Part-of-Speech Tagging
A basic part-of-speech tagger is provided by pos_tag()
,
which takes a segmented phrase or sentence as the input:
>>> import pycantonese
>>> unsegmented = '我噚日買嗰對鞋。' # I bought that pair of shoes yesterday.
>>> segmented = pycantonese.segment(unsegmented)
>>> segmented
['我', '噚日', '買', '嗰', '對', '鞋', '。']
>>> pycantonese.pos_tag(segmented)
[('我', 'PRON'), ('噚日', 'ADV'), ('買', 'VERB'), ('嗰', 'PRON'), ('對', 'NOUN'), ('鞋', 'NOUN'), ('。', 'PUNCT')]
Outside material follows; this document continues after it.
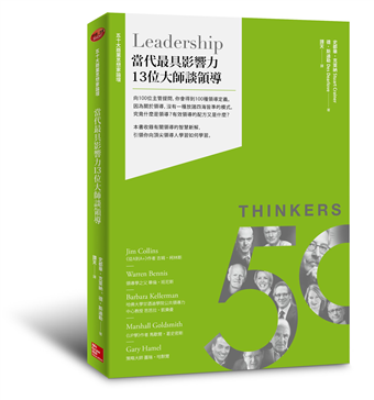 創辦於2001年,是一個兩年一度的國際性評選,被譽為「商業思想界的奧斯卡」,曾經獲獎人物包括破壞性創新大師克里斯汀生、《藍海策略》作者金偉燦、《從A到A+》作者柯林斯、管理大師大前研一等,其每屆的評選活動都受到國外頂尖財經媒體的爭相報導。這些大師除了在其專業領域享有盛譽,並著作等身。本書系是國內第一套由Thinkers50正式授權出版的版本。

The part-of-speech tagger uses the averaged perceptron model trained on
HKCanCor data.
HKCanCor has already been annotated for part-of-speech tags,
with a tagset of over 100 tags
(46 of which are described).
By default, pos_tag()
maps the HKCanCor tagset to the
Universal Dependencies v2 tagset
(with 17 tags),
for cross-linguistic natural language processing work.
If you would like the original HKCanCor tagset,
pos_tag()
accepts the keyword argument tagset
:
>>> pycantonese.pos_tag(segmented, tagset="hkcancor")
[('我', 'R'), ('噚日', 'T'), ('買', 'V'), ('嗰', 'R'), ('對', 'Q'), ('鞋', 'N'), ('。', '。')]
The helper function hkcancor_to_ud()
exposes the tagset mapping from HKCanCor to Universal Dependencies.
Due to the statistical nature of part-of-speech tagging,
the quality of results from pos_tag()
depends on
(i) the training data,
(ii) the quality of word segmentation, since the function expects a segmented input.
Currently, a major limitation is the fact that HKCanCor is perhaps still
the only Cantonese corpus with a permissive license that comes annotated
with part-of-speech tags.
Its relatively small size (about 150,000 tagged words) means that models
more sophisticated than a standard averaged perceptron approach wouldn’t be worth it.
If you think the results from pos_tag()
are odd,
it is potentially due to the HKCanCor training data
(e.g., specific occurrences of word + tag combinations might have thrown off the tagger),
or the quality of word segmentation, especially if your segmented input comes from
segment()
– please get in touch
if you would like further investigation.